Job 39:1-20, 26-27 NIV
Here, God is reminding Job that there is no way Job could ever fathom the reasons the Lord allowed him to be put through such a hard season. The Lord is reminding Job to trust Him, because He is all powerful and all knowing.
Then the Lord ends Job’s suffering and lifts him out of anguish.
Then we see the happy ending:
“After Job had prayed for his friends, the Lord restored his fortunes and gave him twice as much as he had before. All his brothers and sisters and everyone who had known him before came and ate with him in his house. They comforted and consoled him over all the trouble the Lord had brought on him, and each one gave him a piece of silver and a gold ring.
“The Lord blessed the latter part of Job’s life more than the former part.
“He had fourteen thousand sheep, six thousand camels, a thousand yoke of oxen and a thousand donkeys. And he also had seven sons and three daughters.
“Nowhere in all the land were there found women as beautiful as Job’s daughters, and their father granted them an inheritance along with their brothers.

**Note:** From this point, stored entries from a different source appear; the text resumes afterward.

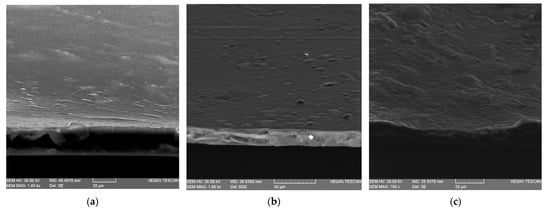 The surface and cross-section of the obtained films were analyzed by SEM (Tescan Vega II LMU, Tescan Orsay Holding, Brno, Czech Republic). The films were cut into small pieces and were fixed on double-sided adhesive carbon bands. The images were analyzed at an acceleration of 30 kV and were collected at 1 kx and 700× magnifications.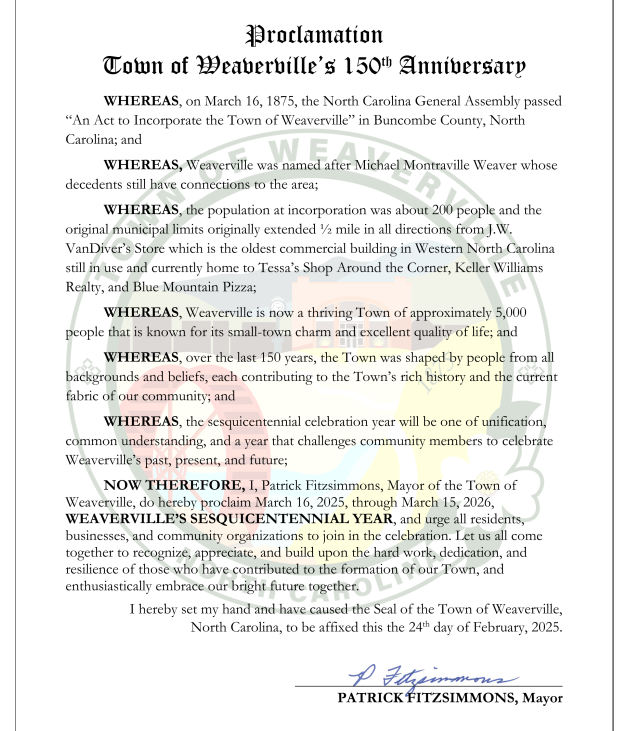 The Town of Weaverville is looking for you. If you are interested in serving on a board or committee, just complete an application, or request one from the Town Clerk’s office and return it to Town Hall. tmercer@weavervillenc.org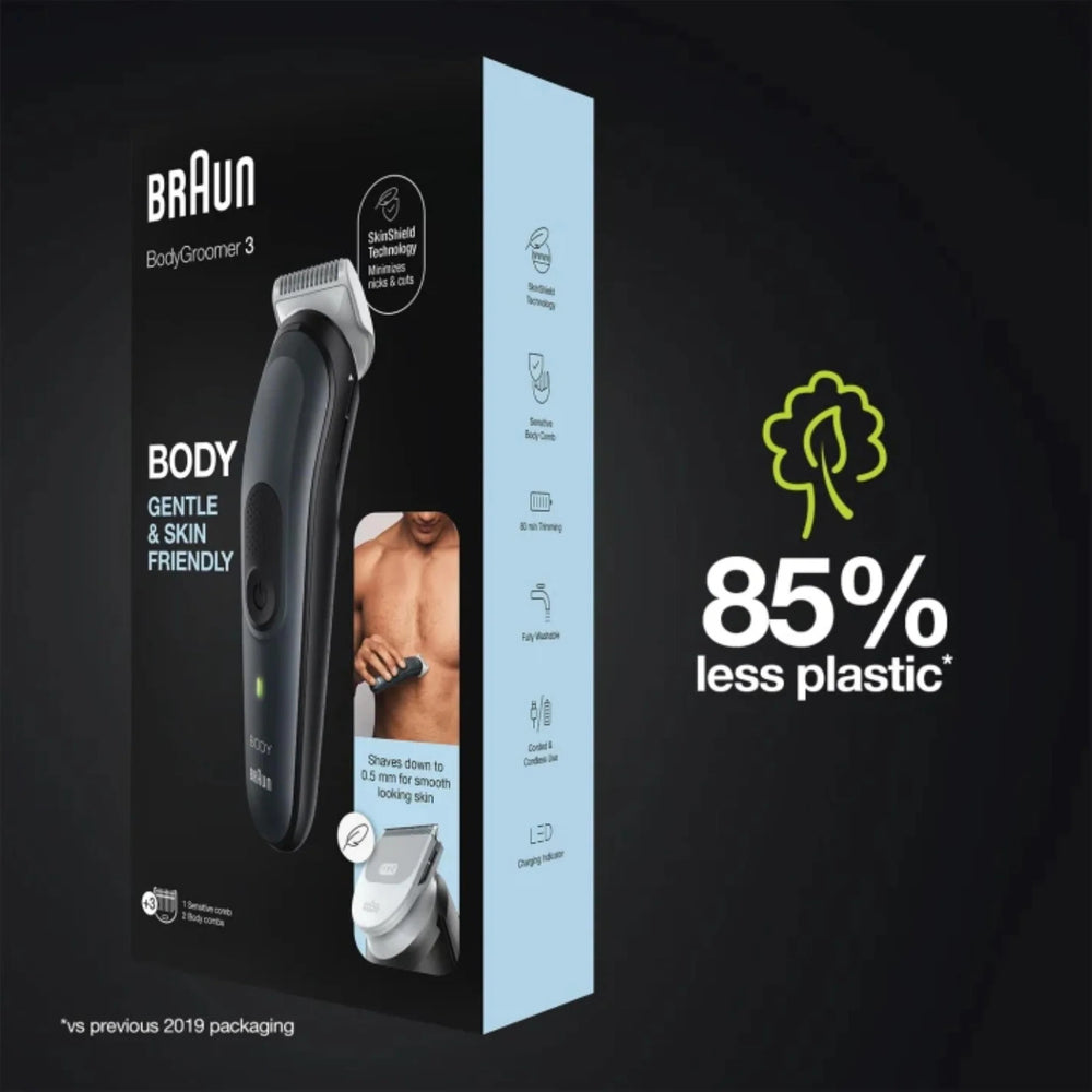 The Braun Body Groomer Series 3 BG3340 is a versatile grooming tool designed specifically for full-body care. Built with advanced trimming technology and skin protection features, it ensures safe, smooth, and precise grooming on sensitive areas such as chest, underarms, and groin. With multiple attachments, waterproof design, and ergonomic handling, it’s the ultimate body grooming solution for modern men.

After this, Job lived a hundred and forty years; he saw his children and their children to the fourth generation.”
Job 42:10-13, 15-16 NIV
What did we learn?
- Job suffered not because he sinned, but because God allowed Satan to test him
- Job refrained from sinning even in the worst of his anguish
- Job never cursed God or accused God of wrongdoing
- Instead Job cursed the day he was born
- Job called out to God in his anguish
- God answered Job when the time was right
- God reminded Job that He is all powerful and all knowing
- God reminded Job to trust Him
- God’s power is beyond our ability to comprehend
- God restored Job’s fortunes to double what he had before his suffering
- God restored Job’s health so completely that he went on to father 10 more children!
- God can use Satan’s awful testing of us to bless us
- Satan brings suffering to people, and God allows it sometimes
- God is the author of good things in our lives
Job ended up better off overall than he was before Satan afflicted him. Although his faith was tested, he never cursed God. He never gave himself over to darkness, even though he was in a pit of anguish. Job stayed steadfast in his resolve to not sin, despite how hard his life became.

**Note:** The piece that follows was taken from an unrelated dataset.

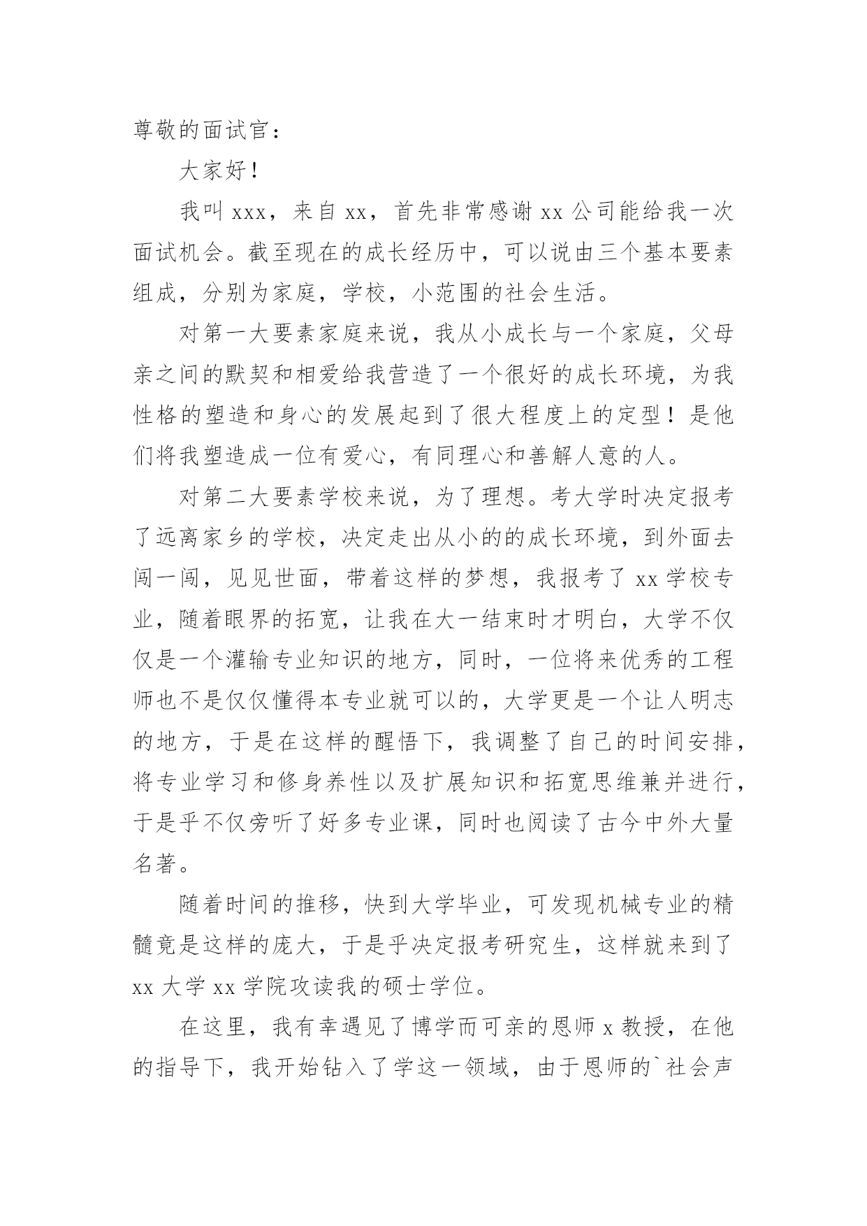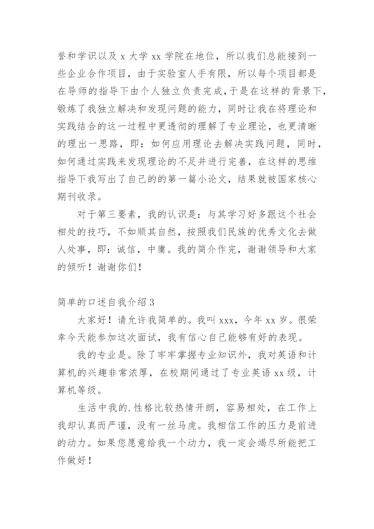 简单的口述自我介绍当换了一个新环境后,我们不得不需要向他人介绍自己,自我介绍是认识自我的手段。那么我们该怎么去写自我介绍呢?以下是小编为大家整理的简单的口述自我介绍,仅供参考,大家一起来看看吧。简单的口述自我介绍1各位同事:大家好!我叫xx,于20xx年6月11日出生,xx岁,来自,齐鲁大地给了我现在这豪爽直爽的性格,但又不失稳重,后来不远千里的来到南京这城市求学。来到大学学习的这个事实与我的理想其实有很大的出入,难免有些郁闷,但在一段时间后,我认清了事实,很看互联网专业。"21世纪是网联网的世纪."这句话一点都不假,随着互联网的展,我开始对互联网产生兴趣,今后的四年,我将在不断的学习进步中度过的`。“十年磨砺锋利出,宝剑只待君来识”再苦再累,都愿意一试,“吃得苦中苦,方为人上人”,在以后的学习生活中,我一定会是一位尽自己的努力、过一个充实而又意义的大专生活。最后希望前辈可以多多指点我的工作!简单的口述自我介绍2尊敬的面试官:大家好!我叫xxx,来自xx,首先非常感谢xx公司能给我一次面试机会。截至现在的成长经历中,可以说由三个基本要素组成,分别为家庭,学校,小范围的社会生活。对第一大要素家庭来说,我从小成长与一个家庭,父母亲之间的默契和相爱给我营造了一个很好的成长环境,为我性格的塑造和身心的发展起到了很大程度上的定型!是他们将我塑造成一位有爱心,有同理心和善解人意的人。对第二大要素学校来说,为了理想。考大学时决定报考了远离家乡的学校,决定走出从小的的成长环境,到外面去闯一闯,见见世面,带着这样的梦想,我报考了xx学校专业,随着眼界的拓宽,让我在大一结束时才明白,大学不仅仅是一个灌输专业知识的地方,同时,一位将来优秀的工程师也不是仅仅懂得本专业就可以的,大学更是一个让人明志的地方,于是在这样的醒悟下,我调整了自己的时间安排,将专业学习和修身养性以及扩展知识和拓宽思维兼并进行,于是乎不仅旁听了好多专业课,同时也阅读了古今中外大量名著。随着时间的推移,快到大学毕业,可发现机械专业的精髓竟是这样的庞大,于是乎决定报考研究生,这样就来到了xx大学xx学院攻读我的硕士学位。在这里,我有幸遇见了博学而可亲的恩师x教授,在他的指导下,我开始钻入了学这一领域,由于恩师的`社会声誉和学识以及x大学xx学院在地位,所以我们总能接到一些企业合作项目,由于实验室人手有限,所以每个项目都是在导师的指导下由个人独立负责完成,于是在这样的背景下,锻炼了我独立解决和发现问题的能力,同时让我在将理论和实践结合的这一过程中更透彻的理解了专业理论,也更清晰的理出一思路,即:如何应用理论去解决实践问题,同时,如何通过实践来发现理论的不足并进行完善,在这样的思维指导下我写出了自己的的第一篇小论文,结果就被国家核心期刊收录。对于第三要素,我的认识是:与其学习好多跟这个社会相处的技巧,不如顺其自然,按照我们民族的优秀文化去做人处事,即:诚信,中庸。我的简介作完,谢谢领导和大家的倾听!谢谢你们!简单的口述自我介绍3大家好!请允许我简单的。我叫xxx,今年xx岁。很荣幸今天能参加这次面试,我有信心自己能够有好的表现。我的专业是。除了牢牢掌握专业知识外,我对英语和计算机的兴趣非常浓厚,在校期间通过了专业英语xx级,计算机等级。生活中我的.性格比较热情开朗,容易相处,在工作上我却认真而严谨,没有一丝马虎。我相信工作的压力是前进的动力。如果您愿意给我一个动力,我一定会竭尽所能把工作做好!谢谢!简单的口述自我介绍4各位同事,大家好,我叫宋××,于xx年6月11日出生,xx岁,来自xx,齐鲁大地给了我现在这豪爽直爽的性格,但又不失稳重,后来不远千里的来到南京这城市求学。来到大学学习的这个事实与我的理想其实有很大的出入,难免有些郁闷,但在一段时间后,我认清了事实,很看互联网专业。"21世纪是网联网的世纪."这句话一点都不假,随着互联网的展,它为21世纪插上了腾飞的翅膀.后来在不断的.培养兴趣过程中,我开始对互联网产生兴趣,今后的四年,我将在不断的学习进步中度过的。“十年磨砺锋利出,宝剑只待君来识”。再苦再累,都愿意一试,“吃得苦中苦,方为人上人”,在以后的学习生活中,我一定会是一位尽自己的努力、过一个充实而又意义的大专生活。最后希望前辈可以多多指点我的工作!

Satan lost this round – Hallelujah! Now make sure Satan loses the round he is in with your life.
Remember how God restored Job, and have faith that he will do the same for you. No matter how sick you are, no matter how poor you are, no matter how much you lost — God can restore, if you are walking upright like Job did.
In times of anguish, hold on tight to your faith. Place your hope in who God is; trust Him completely. And pray like crazy!
Stay humble all!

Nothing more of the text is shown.